Xorg won't start with officially supported NVIDIA 5070 GPU?

This may seem elaborate but, I found it rather difficult to get this graphics driver issue clear for myself; this also comes up quite regularly in the forums. Perhaps this is already known.

Using Nvidia graphics hardware and using Xorg, you can use either:
  1. 100 % Nvidia proprietory drivers:
    - as kernel module: /boot/modules/nvidia-modeset.ko*, contained in x11/nvidia-driver
    - as Xorg driver (proprietary Nvidia): /usr/local/lib/xorg/modules/drivers/nvidia_drv.so, also contained in x11/nvidia-driver
  2. mixed: open source driver and Nvidia proprietory driver:
    - as open source kernel module /boot/modules/nvidia-drm.ko, contained in graphics/nvidia-drm-61-kmod (or graphics/nvidia-drm-515-kmod), or the meta port graphics/nvidia-drm-kmod
    - as Xorg driver (proprietary Nvidia): /usr/local/lib/xorg/modules/drivers/nvidia_drv.so, contained in x11/nvidia-driver and also in graphics/nvidia-drm-61-kmod
The kernel modules are referenced in /etc/rc.conf:
  • kld-list="nvidia-modeset" for #1
  • kld-list="nvidia-drm"** for #2; must be accompanied/preceeded by hw.nvidiadrm.modeset=1 in /boot/loader.conf
Refer also to the descriptions in the package message, as in for example here.

The proprietary Nvidia Xorg driver /usr/local/lib/xorg/modules/drivers/nvidia_drv.so is referenced in an appropriate Xorg .conf file embedded in Section "Device" as in:
Rich (BB code):
        Driver       "nvidia"

For normal Xorg usage the Nvidia proprietary solution works well, usually. You may be experiencing problems because you are using a fairly new Nvidia graphics card.




The use of a mixed port like graphics/nvidia-drm-515-kmod, graphics/nvidia-drm-61-kmod (and graphics/nvidia-drm-66-kmod on -CURRENT) for Xorg-use is, as a general case, not necessary. You will also get these mixed drivers when building the meta port graphics/nvidia-drm-kmod; on 14.2-RELEASE this will result in building and installing graphics/nvidia-drm-61-kmod.
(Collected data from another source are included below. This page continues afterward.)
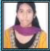
D. USHA GEOGRAPHY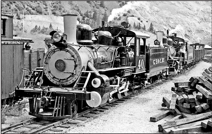
Georgetown Loop #40 and #44 in the Silver Plume yards.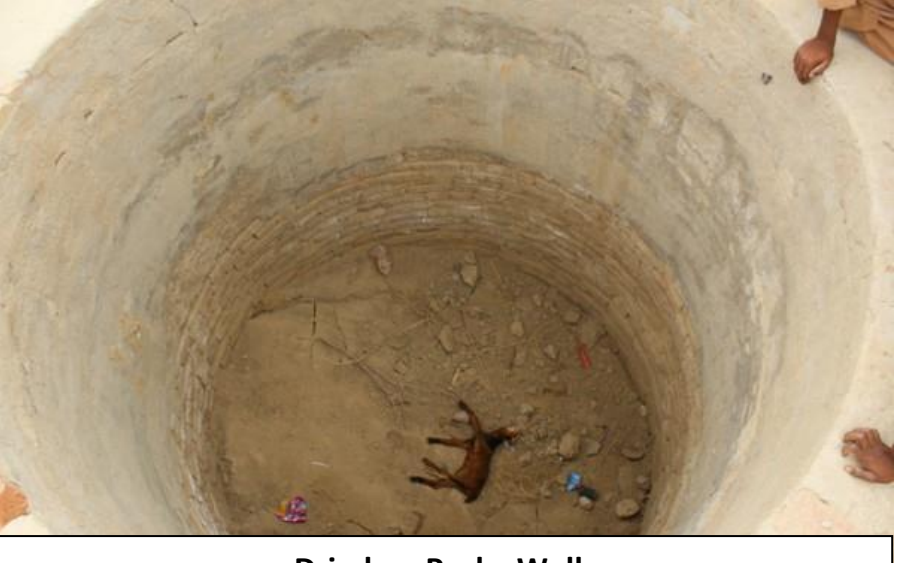
Dried up Packa Wells

villagers at different points erect huge barriers or Bands to check high flow of water from rapidly flowing. The purpose is to keep the water stopped for some time that the soil can absorb enough water that can help in germination, growing and ripping of the crop because there is no arrangement for arranging water for second and third time for the crop. Previously when agricultural machinery like tractors were not available the farmers pooled their resources like oxen, ploughs and men to erect the Ghandhas but now the huge soil erection is done thorough tractors. Numerous ghandhas are erected on different points. These vary in length, width and height. Some are as long as one or two KMs long. And others are 100 or 200 meters long. The erection cost also varies with the lengths, width and size.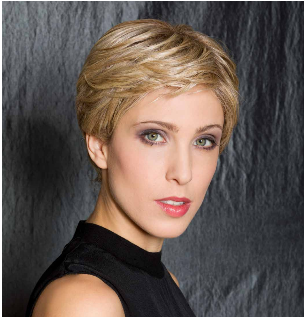
SUPERGA MONO SF+ Salt-Root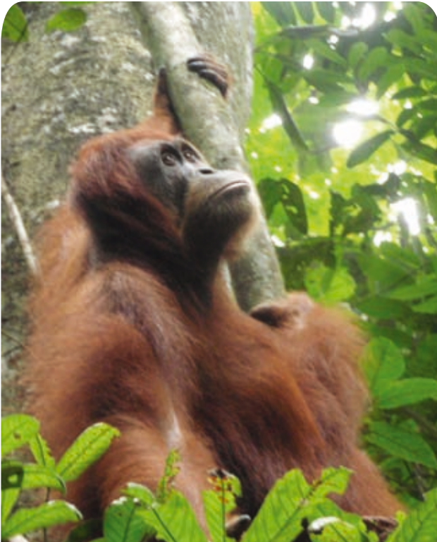
Sumatran Orangutan Temara at Bukit Tigapuluh.

Perth Zoo is one of only six institutions in the world successfully breeding the Silvery Gibbon (or Javan Gibbon). It is a key South-east Asian primate species supported through Perth Zoo's captive breeding, field work with partners and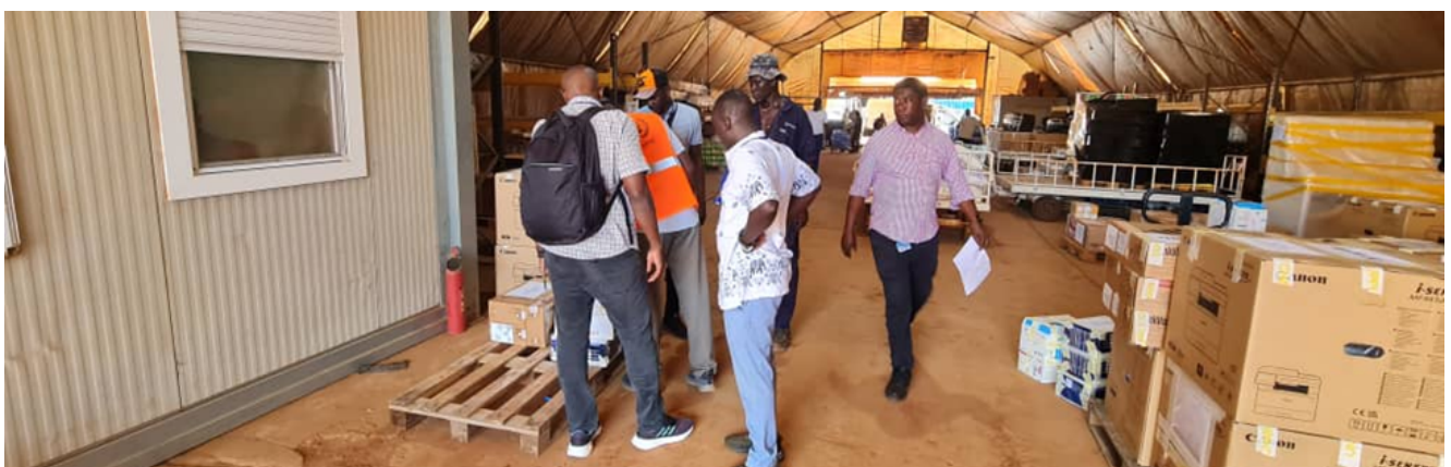
UNMISS Topping Logistics Base – Preparing to ship equipment to the States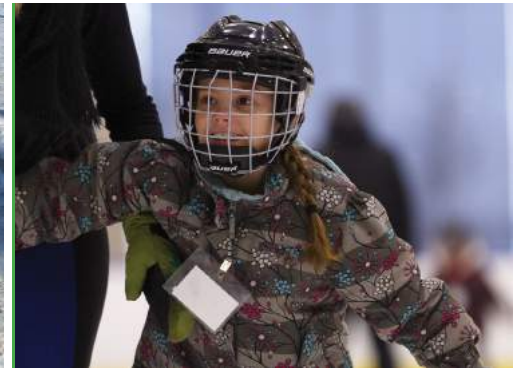
You Helped Children Learn To Skate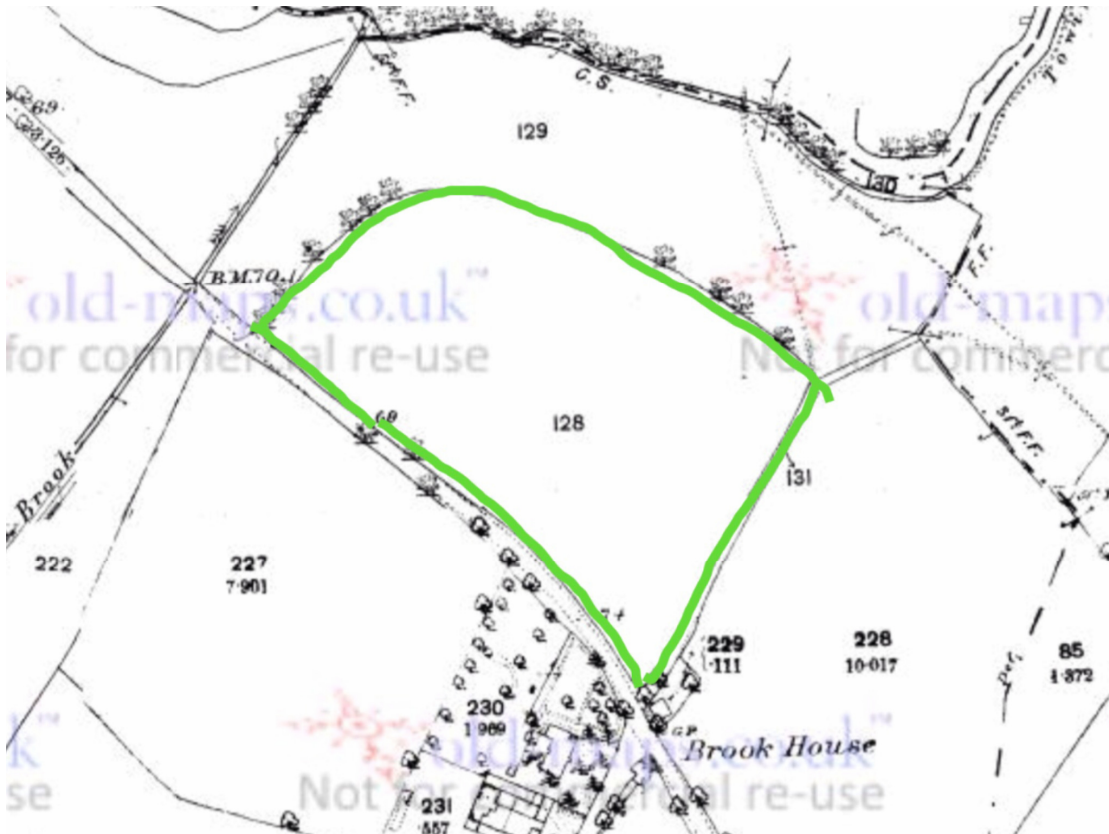
Figure 1: Ordnance Survey County Series Essex 1876

The river that forms the northern boundary has been realigned and engineered to power Bures Mill, which is situated on the other side of the river immediately to the north. The Cambridge Brook runs down the western boundary before joining the Stour to the north west. The B1058 forms the southern boundary.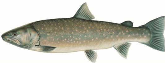
Bull Trout, Salvelinus confluentus © J.R. Tomelleri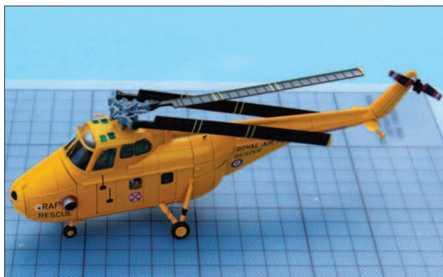
One of the two included rotor heads allows the main rotor blades to be displayed in their folded position.

During 1950 the Royal Air Force purchased its first H-19 Chickasaws directly from Sikorsky Aircraft Corporation in the US, but Westland Aircraft quickly obtained a license to manufacture the type in Great Britain. Like the American models, the first Whirlwinds were powered by Pratt & Whitney radial piston engines. The Whirlwinds were assigned a number of roles, including coastal command, antisubmarine warfare and search-and-rescue missions.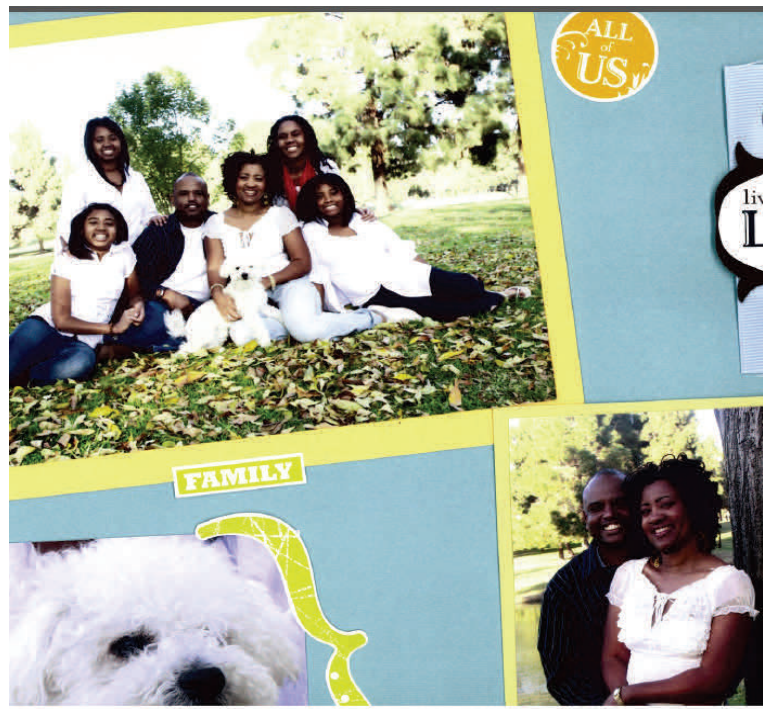
The Archer Clan

When I think about where we are now and where we were when I was in school, I have to say it's good to see that legal writing has developed so much as a discipline. It is exciting and encouraging that people

The exception is using Wayland where you likely will need the mixed open source-Nvidia proprietary drivers.

Moreover, relating to the quote above, it seems you are in effect inter-mixing these two solutions:
  1. solely Nvidia proprietary drivers as in x11/nvidia-driver (this is not a meta port)
  2. mixed open source and Nvidia proprietary drivers as in graphics/nvidia-drm-kmod (meta port), graphics/nvidia-drm-515-kmod and graphics/nvidia-drm-61-kmod
It is unclear how such 'double mixing' affects a working graphics solution in your case; it doesn't help in debugging the issue either.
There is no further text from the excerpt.